(Records from a collection)
────────────────────

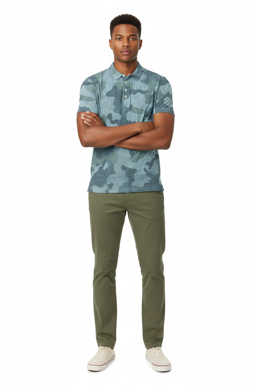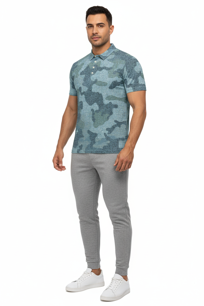 The Blue Tide Camo Performance Polo is where athletic sophistication meets ocean-inspired aesthetics and premium comfort. Featuring the same stunning aqua and teal camouflage pattern as our popular Blue Tide Camo collection, this all-over print slim fit polo delivers exceptional performance, moisture-wicking technology, and eye-catching coastal style that transitions seamlessly from the golf course to the beach club and beyond.
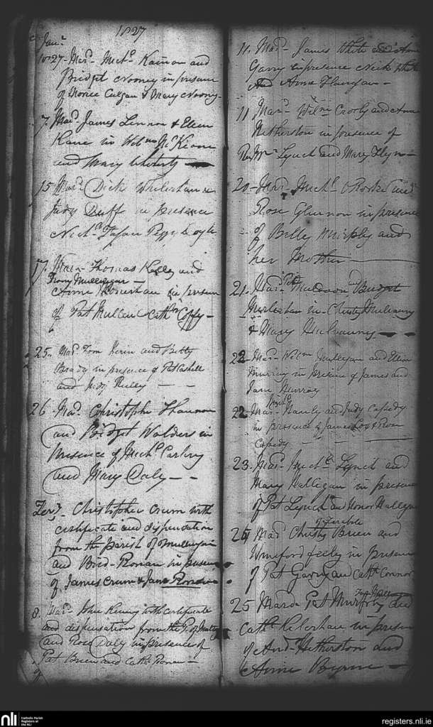Taghmon; County of Westmeath; Diocese of Meath. Marriages, Jan. 1827 to Feb. 1827
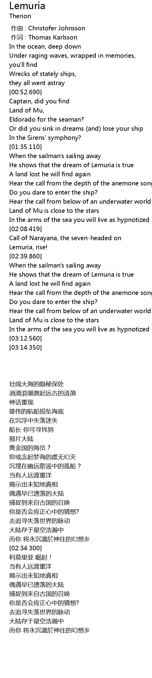 | [02:43.780] | He shows that the dream of Lemuria is true |
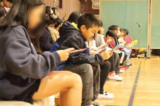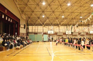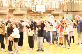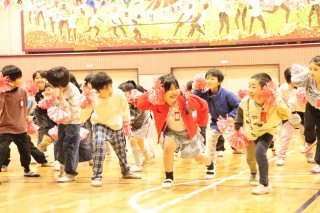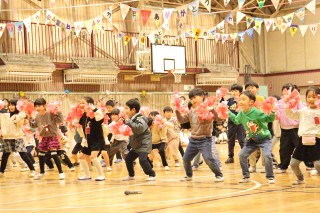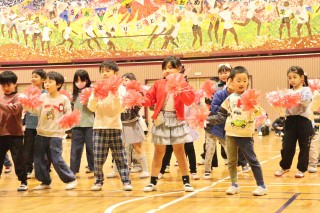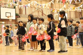 プログラムの最初は、6年生のペア学年、1年生でした。1年生が登場すると、6年生は手を振ったりペアの名前を呼んだりしていました。優しかった6年生が目の前にいてくれて、1年生はうれしかったことでしょう。
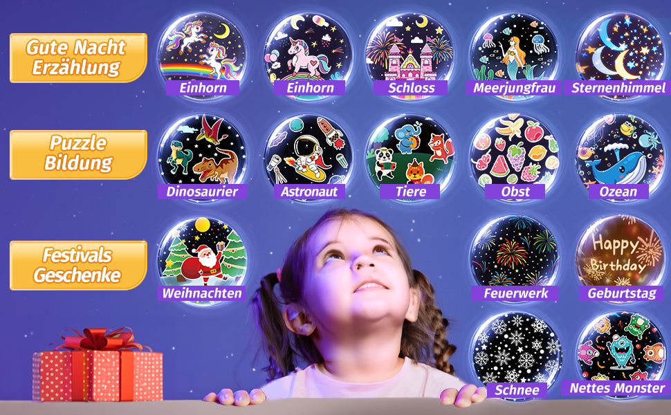 Projection themes: 15 films (starry sky, fairy tales, ocean, animals, unicorns, astronauts)
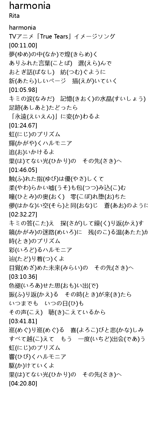 | [00:08.00] | TVアニメ「True Tears」イメージソング |
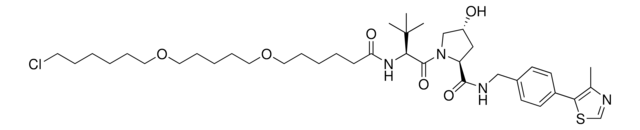 Protein degrader builiding block (S,R,S)-AHPC-C6-PEG1-C3-PEG1-butyl Chloride enables the synthesis of molecules for targeted protein degradation and PROTAC (proteolysis-targeting chimeras) technology. This conjugate contains a von Hippel–Lindau (VHL)-recruiting ligand, a linker with both hydrophobic and hydrophilic moieties, and a pendant chloroalkane for reactivity with a nucleophilic group on a target ligand. Because even slight alterations in ligands and crosslinkers can affect ternary complex formation between the target, E3 ligase, and PROTAC, many analogs are prepared to screen for optimal target degradation. When used with other protein degrader building blocks with a pendant chloro group, parallel synthesis can be used to more quickly generate PROTAC libraries that feature variation in crosslinker length, composition, and E3 ligase ligand.

────────────────────

Now transcribe the lines above exactly, starting at the line containing "Projection themes: 15" and ending at the line containing "TVアニメ「True Tears」イメージソング |", both lines included, pictures excluded.

 Projection themes: 15 films (starry sky, fairy tales, ocean, animals, unicorns, astronauts)
 | [00:08.00] | TVアニメ「True Tears」イメージソング |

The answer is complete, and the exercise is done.